These multi-layered devices place qubits on a single chip, which is connected to a second chip known as the interposer through superconducting bonds. The interposer has readout resonators on its surface and multi-level wiring buried inside it, which delivers signals into and out of the devices.
IBM delivers its 433-qubit Osprey quantum processor. It has the largest qubit count of any IBM quantum processor, more than tripling the 127 qubits on the IBM Eagle processor unveiled in 2021. Image courtesy of Connie Zhou/IBM
This unique design creates a clear separation between qubits, readout resonators, and other circuitry, reducing microwave loss, which the qubits are very sensitive to. Ultimately, this is what allowed the researchers to pack so many qubits on a single chip to maintain good coherence.
“We developed this general structure in Eagle, a 127-qubit processor that we built last,” Dial said. “Eagle was the first integration of all these technologies, while Osprey proves that we can use them to make processors larger than anything we’ve made before. A lot of what’s new on Osprey isn’t what’s on the chip itself—which is a refinement of Eagle—but what surrounds it.”
A More Sophisticated Design
IBM's new quantum processor operates at very low temperatures of approximately 0.02 degrees Kelvin. The team thus had to identify a strategy to deliver hundreds of microwave signals into this low-temperature environment, considering the little cooling power of its processor’s refrigerator ( about 100 µW of power).
“The cables that deliver microwave signals to our processor are a particular problem, as most things that conduct electricity well also conduct heat and thus compromise the insulation of our refrigerator,” Dial explained. “To tackle this problem, our Eagle processor used over 600 cables going between different stages of the fridge, each assembled, wired, and tested by hand. In Osprey, we replace most of these cables with flexible ribbon cables created using standard printed circuit board techniques. Each one of these cables replaces many individual cables, connectors, and components—simplifying our design and thus increasing the processor’s reliability.”
The Osprey processor is supported by a new generation of control electronics, instruments outside of the refrigerator that create an interface between classical and quantum computing tools. These tools, which build on IBM’s previous work, generate microwave control signals for the new chip and interpret signals that come back.

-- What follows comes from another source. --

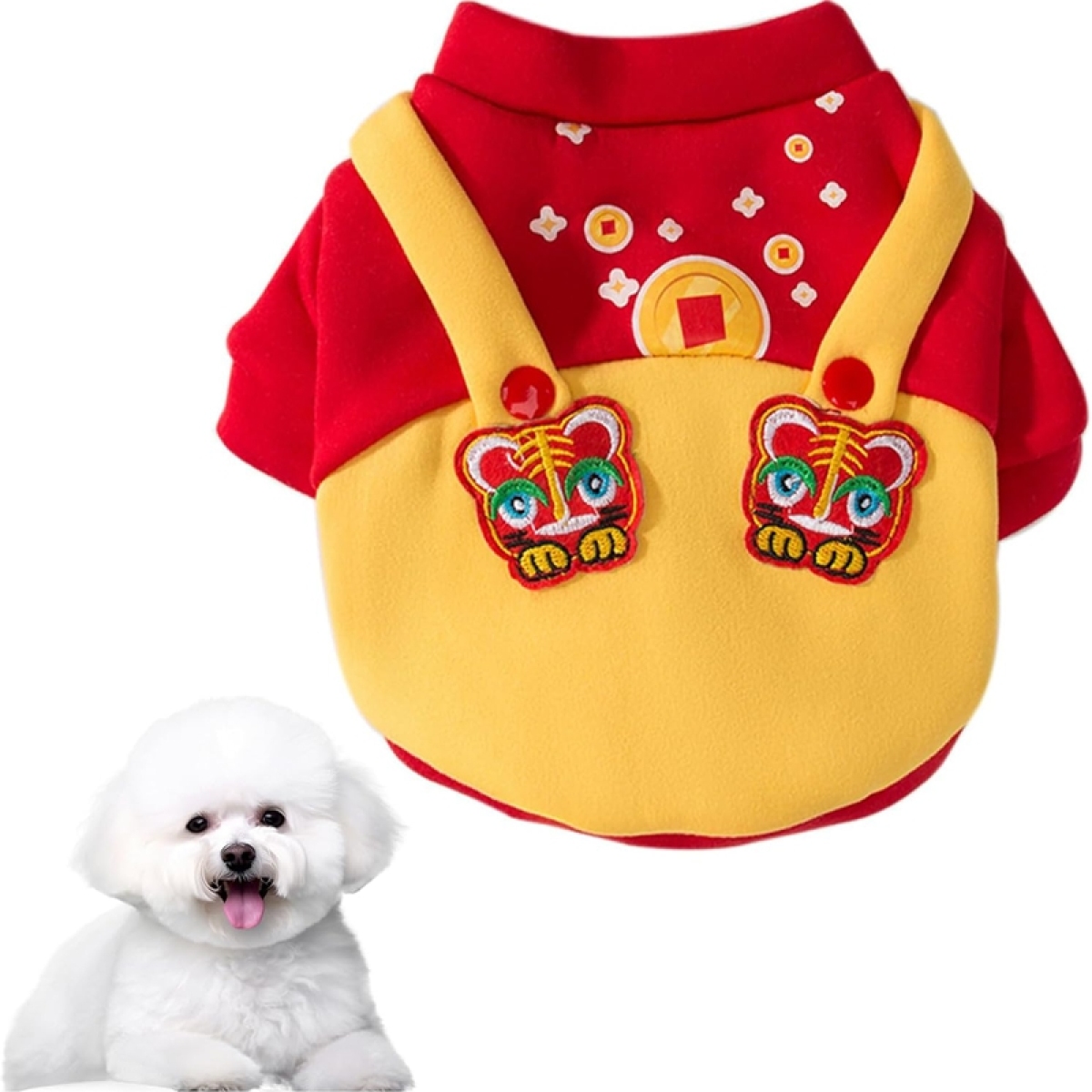 Regarding size: Please first measure your pet's bust and back length before choosing to purchase this product. If your pet is still growing, or your pet has a stout body, it may affect the comfort of the pet's wear

IBM’s new processor has the potential to run complex quantum circuits beyond what any classical computer would ever be capable of. For reference, the number of classical bits that would be necessary to represent a state on the IBM Osprey processor exceeds the total number of atoms in the known universe. Image courtesy of Connie Zhou/IBM
“We achieved a new and simpler design for generating the analog signals based on direct digital synthesis and water cooled to increase the density of the electronics—letting us reach a whopping 400 qubits of control per rack,” Dial said.
The Osprey processor is based on a platform that was refined over several years, with technologies that IBM already tested and implemented on its Falcon, Hummingbird, and Eagle processors. The primary advancements from these previous processors are the wiring and control systems outside of the chip, as well as the scaled-up software stack.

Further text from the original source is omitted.